Malware distribution campaigns are increasing at a rapid speed all over the internet. Another fatal malware distribution has been tracked down by the security researchers. The distribution campaign is spreading one of the most infamous spyware, FinFisher also known as FinSpy.
It’s high time that the WhatsApp, Skype, Avast, WinRAR, and VLC Player users should check their software version and be sure that the version is the legitimate one. According to the security researchers legitimate downloads of several popular applications including WhatsApp, Skype, VLC Player, WinRAR and Avast have reportedly been compromised at the ISP level to distribute the spyware FinSpy.
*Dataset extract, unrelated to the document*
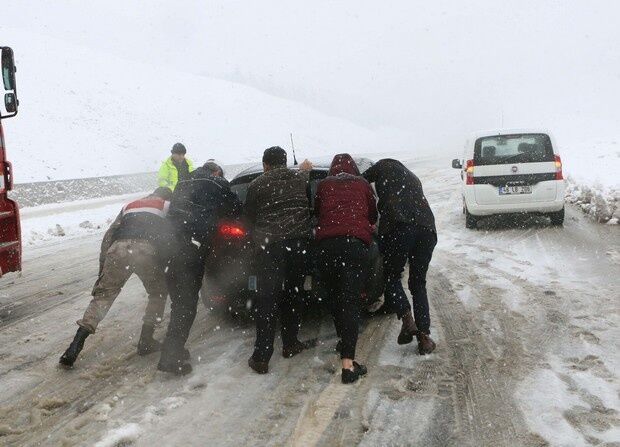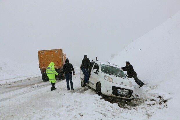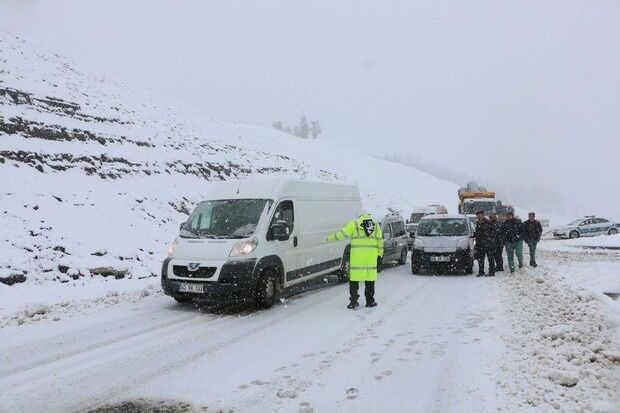 Kahramanmaraş-Kayseri Karayolu Yoğun Kar yağışı nedeniyle trafik durmuş durumda

FinFisher a.k.a FinSpy is surveillance software marketed by Lench IT Solutions, which markets the spyware through law enforcement channels. FinFisher can be covertly installed on targets' computers by exploiting security lapses in the update procedures of non-suspect software.
Researchers suspect that ISPs used the ability to control user traffic and redirect users attempting to download certain software to different link offering the same software.
These types of attacks involving a third party are called as Man-In-The-Middle Attack (MitM attack). The security researchers are pretty sure that ISPs were carrying out the MitM attacks because recent detections with FinFisher spyware in the two affected countries were spread over a wide geographical area and users could have not been the victims of a MitM attack carried out via local networks, such as Wifi hotspots. Furthermore, according to the leaked documents from Wikileaks show that the company that sells the infamous FinSpy also provides a package that can be installed at the ISP level.